Derhalben verwerfen und verdammen wir einhellig mit Mund und Herzen alle Irrtümer, so der vorgesetzten Lehre nicht gemäß als den prophetischen und apostolischen Schriften, den reinen Symbolis und unserer christlichen Augsburgischen Konfession zuwider:
- Als, da von jemand geglaubt oder gelehrt werden sollte, dass die menschliche Natur um der persönlichen Vereinigung willen mit der göttlichen vermischt oder in dieselbe verwandelt worden sein sollte.
- Ferner: dass die menschliche Natur in Christo auf solche Weise wie die Gottheit als ein unendlich Wesen, aus wesentlicher Kraft, auch Eigenschaft ihrer Natur allenthalben gegenwärtig sei.
- Ferner: dass die menschliche Natur in Christo der göttlichen Natur an ihrer Substanz und Wesen oder an derselben wesentlichen Eigenschaften exäquiert und gleich [ge]worden sei.
- Ferner: dass die Menschheit Christi in alle Orte des Himmels und der Erde räumlich ausgespannt sei, welches auch der Gottheit nicht soll zugemessen werden. Dass aber Christus durch seine göttliche Allmacht mit seinem Leibe, den er gesetzt hat zu der Rechten der Majestät und Kraft Gottes, gegenwärtig sein könne, wo er will, besonders da er solche seine Gegenwärtigkeit, als im heiligen Abendmahl, in seinem Wort versprochen, das kann seine Allmacht und Weisheit wohl verschaffen ohne Verwandlung oder Abtilgung seiner wahren menschlichen Natur.
- Ferner: dass die bloße menschliche Natur Christi für uns gelitten und uns erlöst habe, mit welcher der Sohn Gottes im Leiden gar keine Gemeinschaft gehabt.
- Ferner: dass Christus allein nach seiner Gottheit bei uns auf Erden bei dem gepredigten Wort und rechtem Brauch der heiligen Sakramente gegenwärtig sei, und solche Gegenwärtigkeit Christi seine angenommene menschliche Natur ganz und gar nichts angehe.
- Ferner: dass die angenommene menschliche Natur in Christo mit der göttlichen Kraft, Gewalt, Weisheit, Majestät und Herrlichkeit ganz und gar keine Gemeinschaft mit der Tat und Wahrheit, sondern allein den bloßen Titel und Namen gemein habe.

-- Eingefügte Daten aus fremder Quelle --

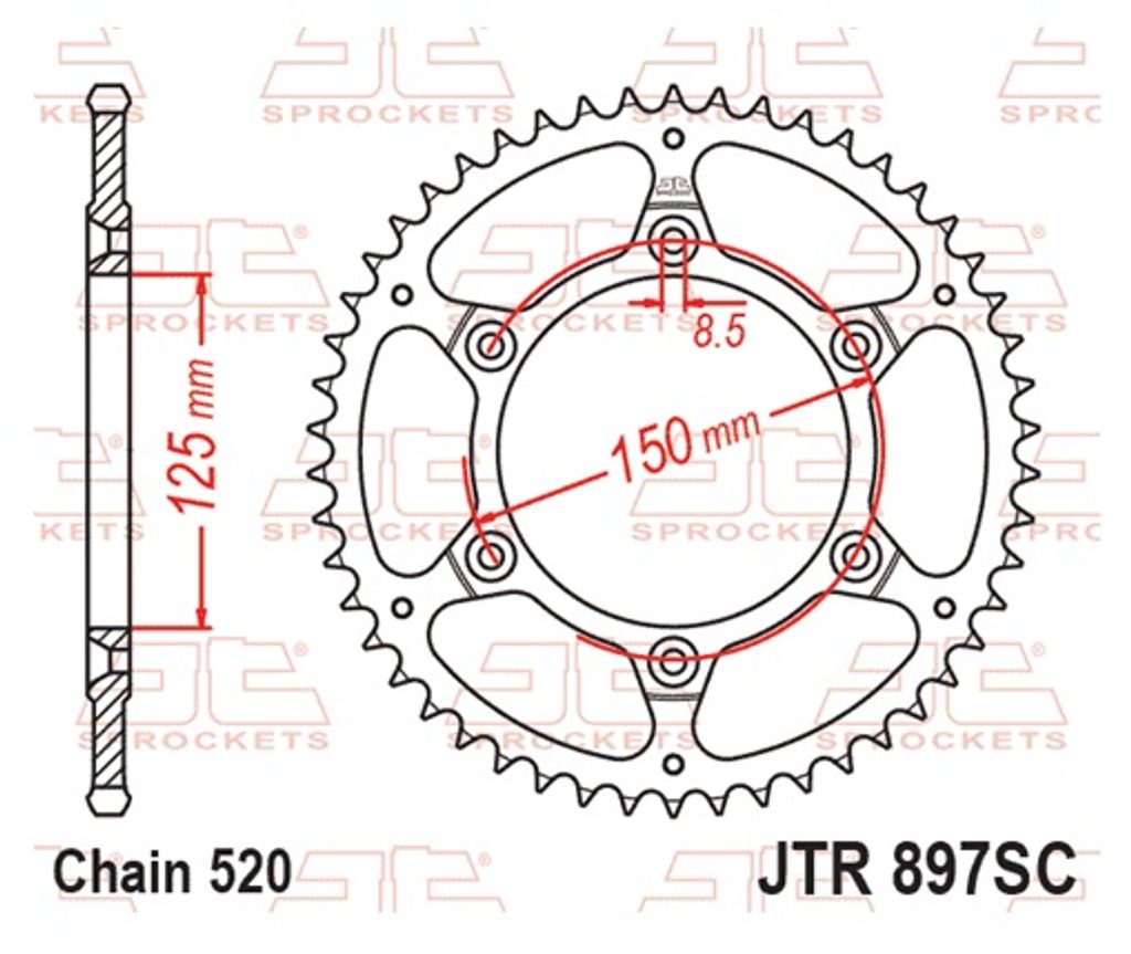 Řetězová rozeta JT JTR 897-49SC 49 zubů, 520 Samočistící, Nízká hmotnost
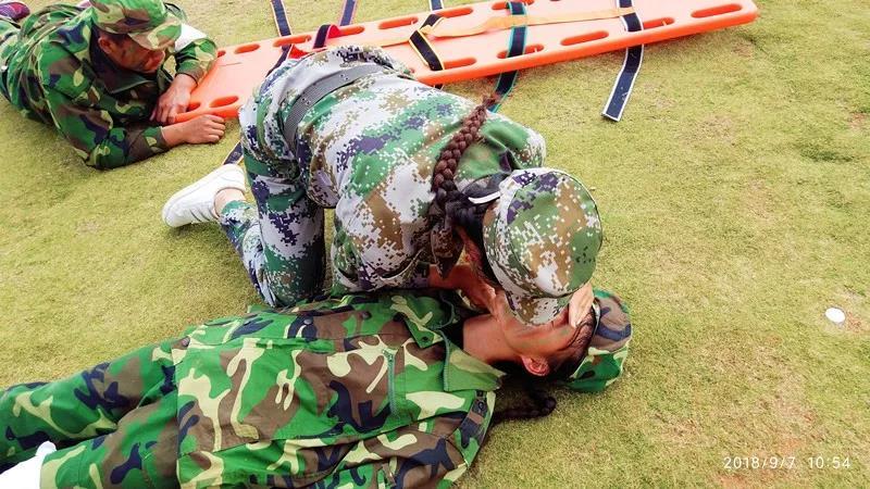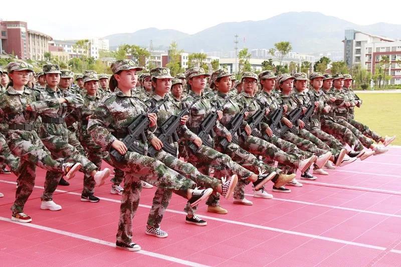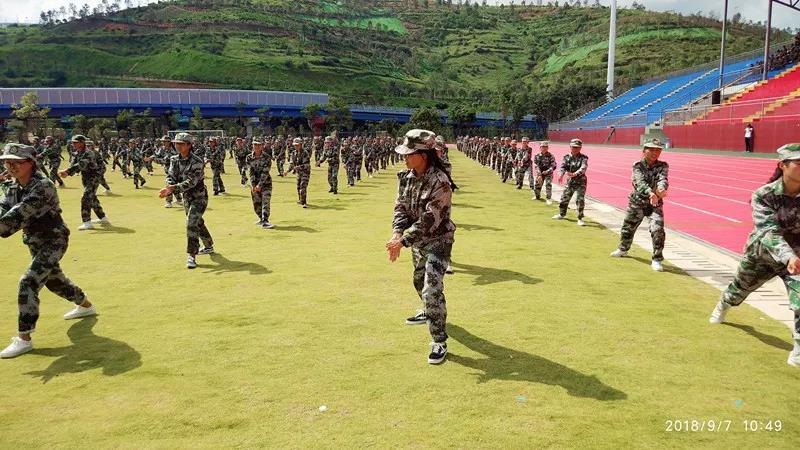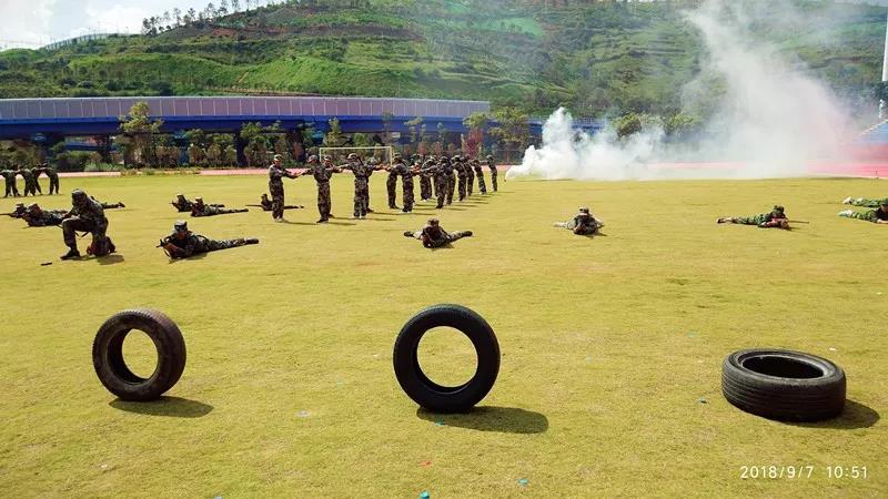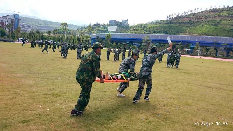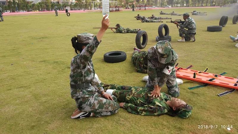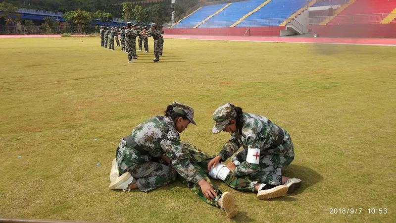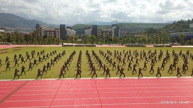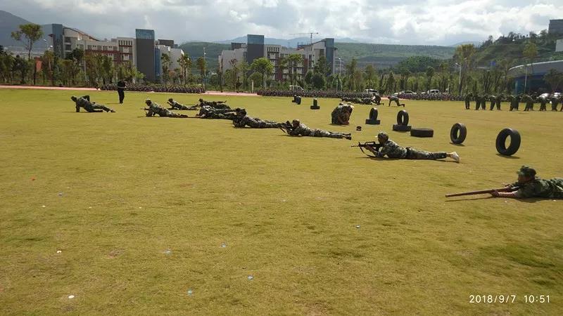 紧接着,进行了2018级新生军训汇报表演,表演分为两个部分:一是分列式;二是军训成果汇报表演,其中军训成果汇报表演的内容有“队列科目表演”、“军体拳术表演”、“战术战场救护科目表演”、“队列花样操科目表演”。从分列式开始到结束整个训练场气势恢宏。在部队教官亲切的关怀和严格训练下,在短短的十五天里,站军姿、齐步走、正步走、齐步变正步、解散、集合及分列式、变队走、军习演练等预定训练科目自此展现的淋漓尽致。整齐的方队,饱满的精神,矫健的步伐、准确的口令、嘹亮的声音搏得了在场领导和全体观众的热烈掌声。表演十分精彩,参训同学也都表演得非常认真,场面十分壮观,让人应接不暇。
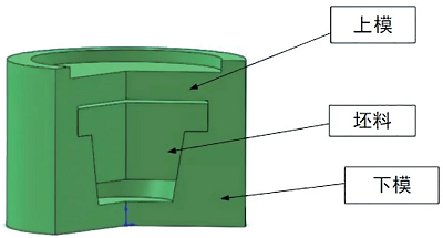 經(jīng)過分析選擇如圖28所示的單元成形模型,此模型是一個正擠壓模型,下模由擠壓筒和擠壓型腔組成。

Diese Irrtümer und alle, so der obgesetzten Lehre zuwider und entgegen [und], verwerfen und verdammen wir als dem reinen Wort Gottes, der heiligen Propheten und Apostel Schriften und unserm christlichen Glauben und Bekenntnis zuwider und vermahnen alle Christen (weil Christus ein Geheimnis in der Heiligen Schrift genennet [genannt] wird, darüber alle Ketzer den Kopf zerstoßen), dass sie nicht vorwitzigerweise mit ihrer Vernunft in solchen Geheimnissen grübeln, sondern mit den lieben Aposteln einfältig glauben, die Augen der Vernunft zuschließen und ihren Verstand in den Gehorsam Christi gefangennehmen und sich dessen trösten und also ohne Unterlaß freün, dass unser Fleisch und Blut in Christo so hoch zu der Rechten der Majestät und allmächtigen Kraft Gottes gesetzt [ist]. So werden wir gewißlich in aller Widerwärtigkeit beständigen Trost finden und vor schädlichem Irrtum wohl bewahrt bleiben.